Against the odds, the film actually works like a charm if you throw away expectations of a tight narrative and instead soak in its bizarre, dreamlike atmosphere. From its opening frames of a paper boat wafting in a starlit lake the film is completely overripe and haunting, with Bennett’s hypnotic voiceover accompanied by animated visuals from none other than Walt Disney. The spirit of Alfred Hitchcock’s Spellbound hangs heavily here with a heavy emphasis on psychological symbolism (not to mention using the same composer, Miklós Rózsa) and the idea of a woman bonded to a man with a fuzzy, menacing past, but the execution is more bizarre than Hitch would have dared at the time.
The expressionistic photography by Cortez turns the film into a visual playground, almost becoming an experimental film in its final act and working as a fine fever dream with enough film noir touches to keep it grounded into some kind of recognizable genre.
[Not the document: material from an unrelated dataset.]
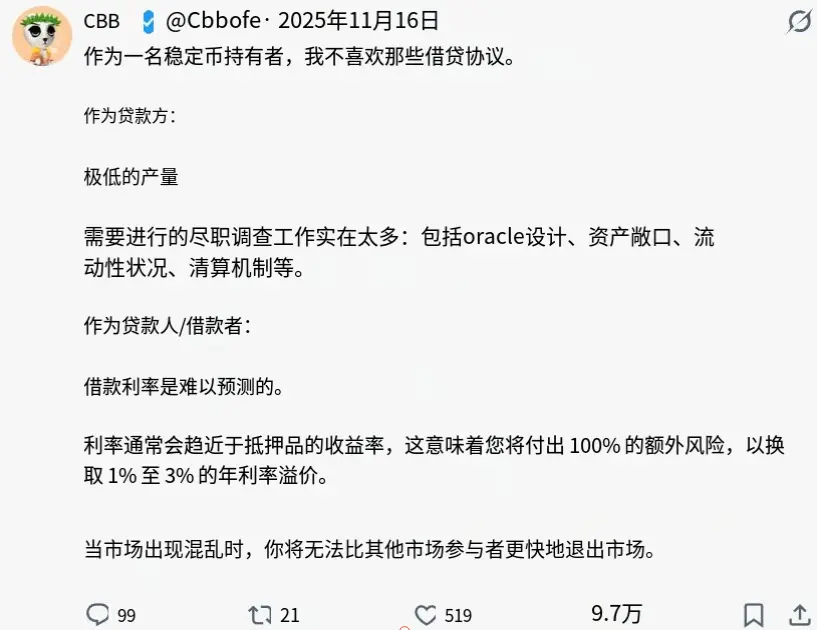 首先,大多数链上资金只信任 Aave、Morpho 等头部协议的安全性,并习惯了被动理财。

It's also perhaps the most outrageous example of the “Who's this strange guy I married?” subgenre whose popularity exploded in the thrillers of the 1940s with glossy entertainments like Gaslight and Rebecca and morphed into the identity crisis science fiction films of the subsequent decade.
Released theatrically by Universal Pictures, Lang’s film went through a few different companies' hands before winding up in the Republic Pictures library, which led to a few VHS editions in the '80s. Like many other Republic titles, it went out of circulation for a couple of decades while DVDs appeared in both France and England. The latter featured a nice restored transfer from Exposure Cinema, while Paramount continued listing the film on its docket on and from since around 2006. Apart from the UK disc, watchable prints were scarce, and the VHS version looked so drab it did little to enhance the film’s neglected status among the director’s filmography.
As with other Republic noirs like The Dark Mirror, Lang's film was finally freed from movie jail with a 2012 release from Olive Films on both feature-only Blu-Ray and DVD editions. The HD transfer hasn't undergone any scrubbing or tweaking, which means what you're getting basically a sharp, film-like presentation with the occasional blemish but a huge uptick in texture and detail over any other version out there (and any of the really battered 16mm prints floating around). Boasting an attractive silvery sheen and rich black levels, it’s a very satisfying piece of work with lots of little touches finally visible right from the hand-drawn opening scene. This may not be the most commercial starting point for anyone looking to explore Lang's cinema, but if you want to see a Hollywood thriller amped up to operatic levels and shot through with a giddy surrealist sensibility, this one's hard to beat.